For a nature number $$n=p_{1}^{q_{1}}\times p_{2}^{q_{2}}\times \cdots \times p_{m}^{q_{m}}$$ where $p_{i} (1 \le i \le m) $ are unique prime numbers.
The total number of positive factors of $n$ is $$f=(q_{1}+1)\times(q_{2}+1)\times\cdots\times(q_{m}+1)$$ The sum of all positive factors of $n$ is $$\sum_{d|n}d=\dfrac{p_{1}^{q_1 +1}-1}{ p_1 -1}\times \dfrac{p_{2}^{q_{2}+1}-1}{ p_{2}-1}\times \cdots \times\dfrac{p_{m}^{q_{m}+1}-1}{p_{m} -1}$$ The product of all positive factors of $n$ is $$\prod_{d|n}d=n^{\frac{f}{2}}$$ i.e. the $\dfrac{f}{2}th$ power of $n$, where $f$ is the total number of positive factors of $n$.
Question 1: A number is perfect if the sum of all positive factors is twice of the number. What is the sum of the first $4$ perfect numbers found by Euclid?
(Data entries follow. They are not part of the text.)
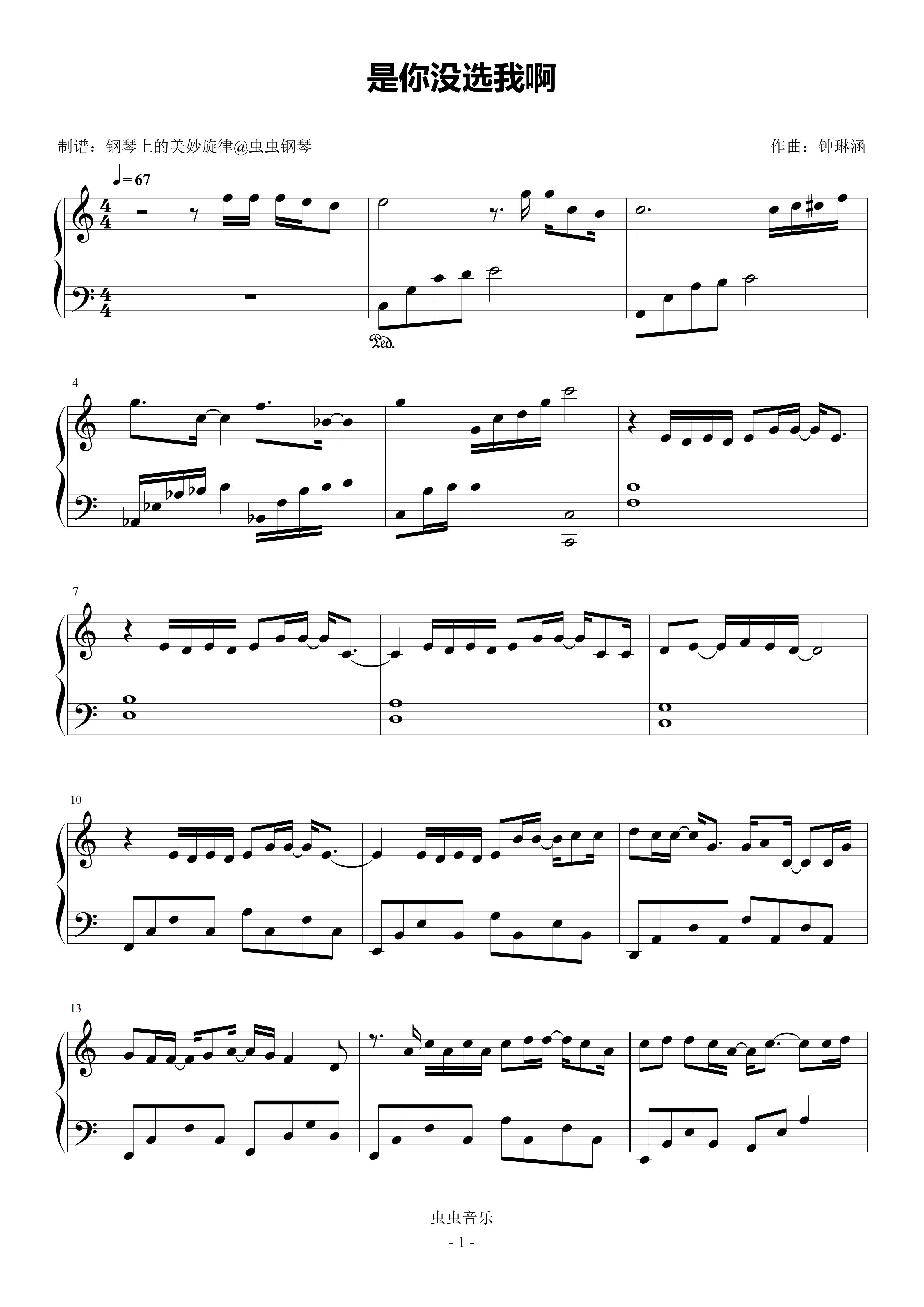 钢琴谱:是你没选我啊 C调简易版 音乐科代表洪嘉源
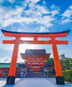 - Điểm dừng chân tiếp theo là Chùa nghìn cột Fushimi Inari. Đây là ngôi đền thờ thần đạo nổi tiếng của Kyoto. Nơi đây nổi bật với hơn 1000 cổng Tori màu đỏ son, những chiếc cổng Tori này liên kết với nhau tạo thành những con đường mòn nằm phía sau khu đền chính. Những con đường này dẫn chúng ta đến với khu rừng rậm của ngọn núi Inari linh thiêng, ngọn núi cao 233 mét nằm trên đất của ngôi đền.
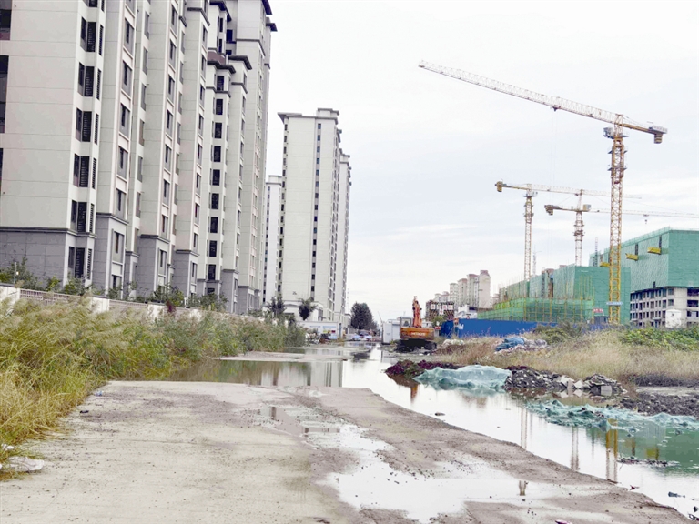 10月10日上午,记者来到武清区新城玺樾熙堂小区,在小区北侧看到,原本开通的小区北门已经封闭,北门附近的翠柳道东段一片泥泞,西侧则用钢板封闭,并未开通。
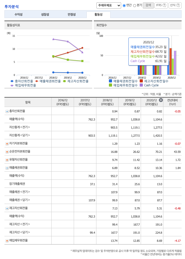 재고자산회전율(높을 수록 좋습니다) : 2018년 약 167억원, 2019년 약 191억원, 2020년 약 224억원이고, 회전율은 2018년 약 7%, 2019년 약 5%, 2020년 약 5%로 안정적입니다.
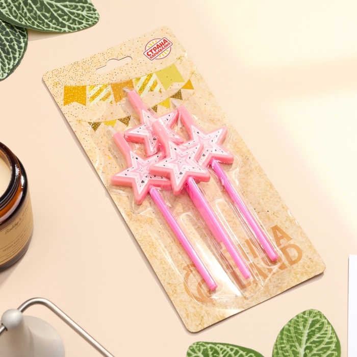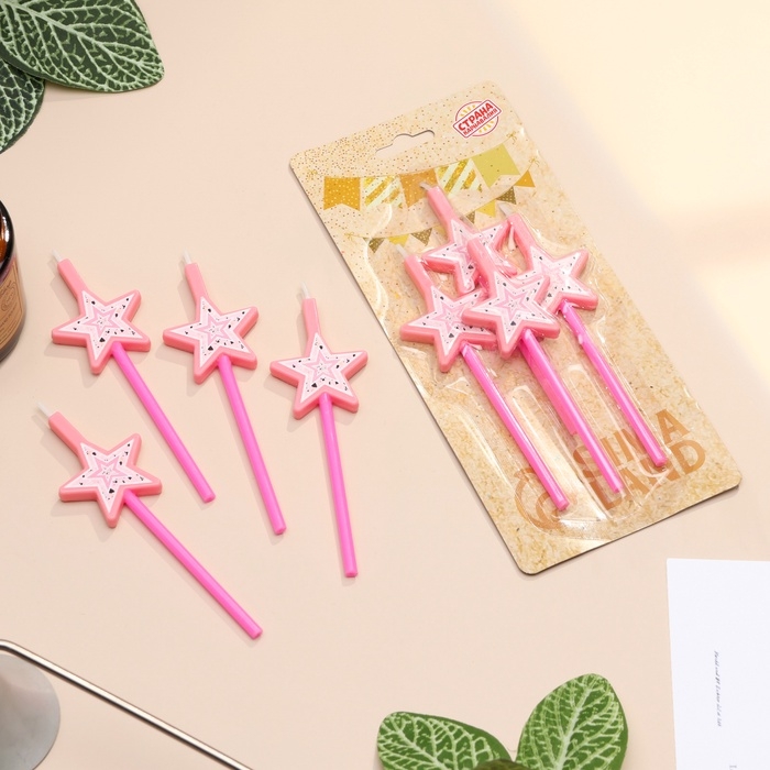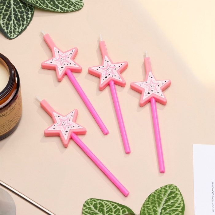Свечи для торта, 4 шт "Волшебная палочка. Звёзды", розовый
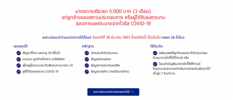 จากกรณีที่รัฐบาลออกมาตรการช่วย แรงงาน ลูกจ้างชั่วคราว และอาชีพอิสระ ที่ได้รับผลกระทบ ด้วยการสนับสนุนเงิน 5000 บาท 3 เดือน ซึ่งจะเปิดให้ลงทะเบียนผ่าน เว็บไซต์เราไม่ทิ้งกัน
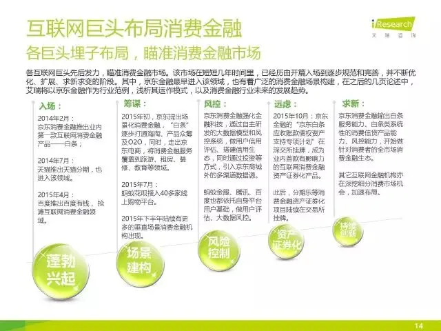 2014年2月,京东金融推出首款面向个人用户互联网消费金融产品——白条。2015年,“白条”全面打通京东体系内的线上消费场景,覆盖了O2O(京东到家)、海淘以及产品众筹,同时,走出京东,进一步覆盖线下消费场景,包括租房、旅游、教育、装修等。在模式上,用于京东商城的“白条”属于赊购服务,用于京东商城外的消费场景的“白条”属于消费贷款。
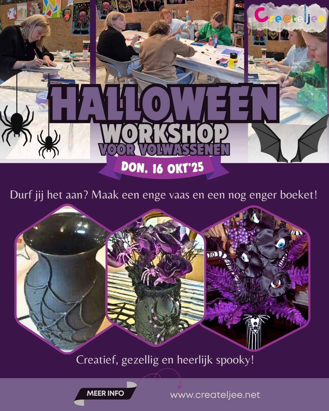 Een gezellige en creatieve avond vol plezier, inspiratie en Halloween-sfeer – perfect om even te ontspannen en iets unieks te maken.
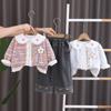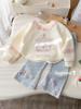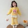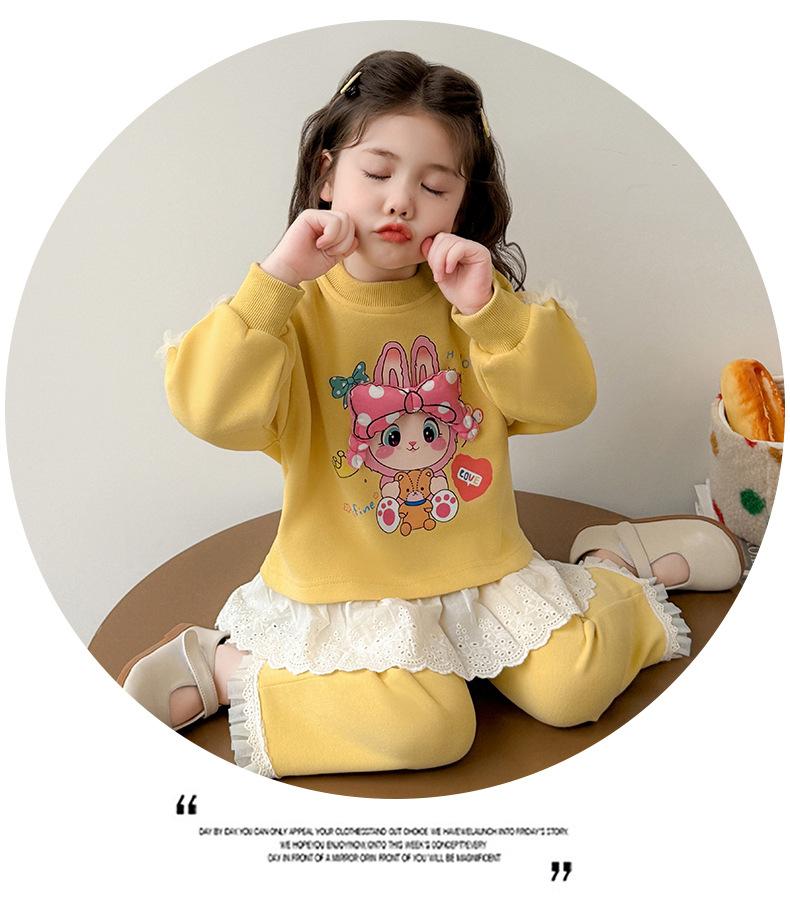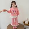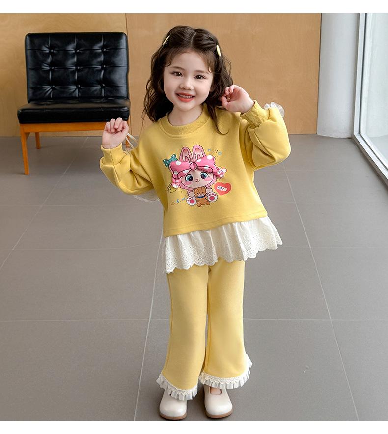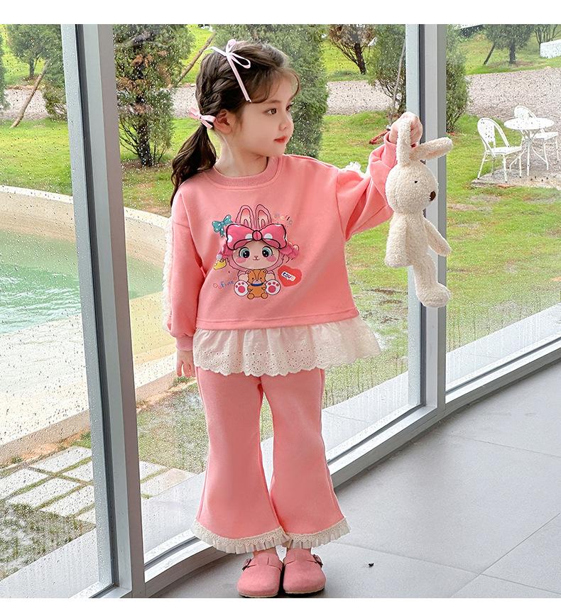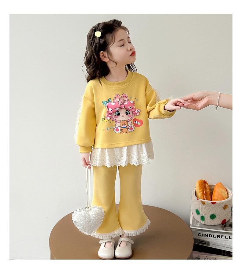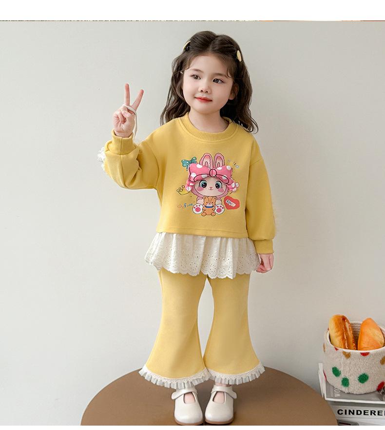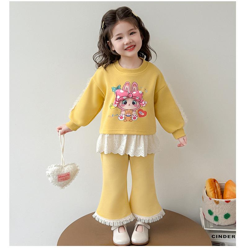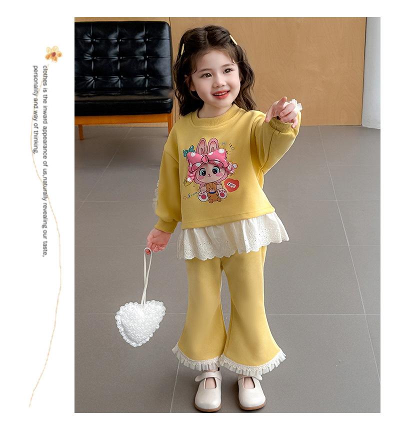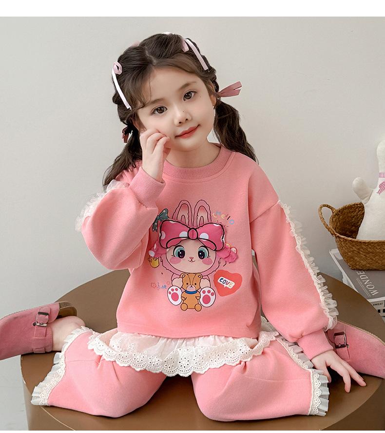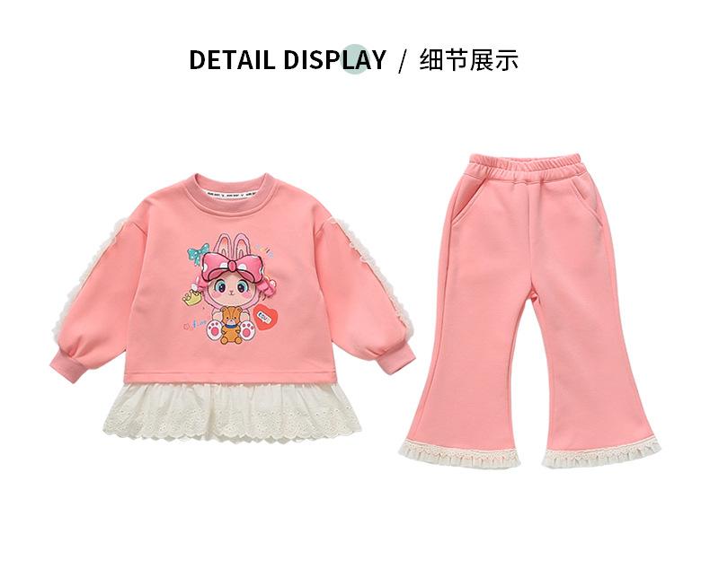 Sudadera de Encaje de Dibujos Animados para Niñas Otoño 2025 Nuevo Estilo Conjunto Dulce y Elegante para Bebé Niña Pantalones Acampanados para Niños Ropa de Otoño

Question 2: A natural number is multiplicative perfect if the square of the number is the product of all positive factors. What is the sum of the $3$ smallest multiplicative perfect numbers greater than $1$?
Question 3: The sum of all positive factors of a natural number is 403. What is this number?
Question 4: What is the largest natural number less than $1000$ such that the product of all positive factors is the number raised to the $12$th power?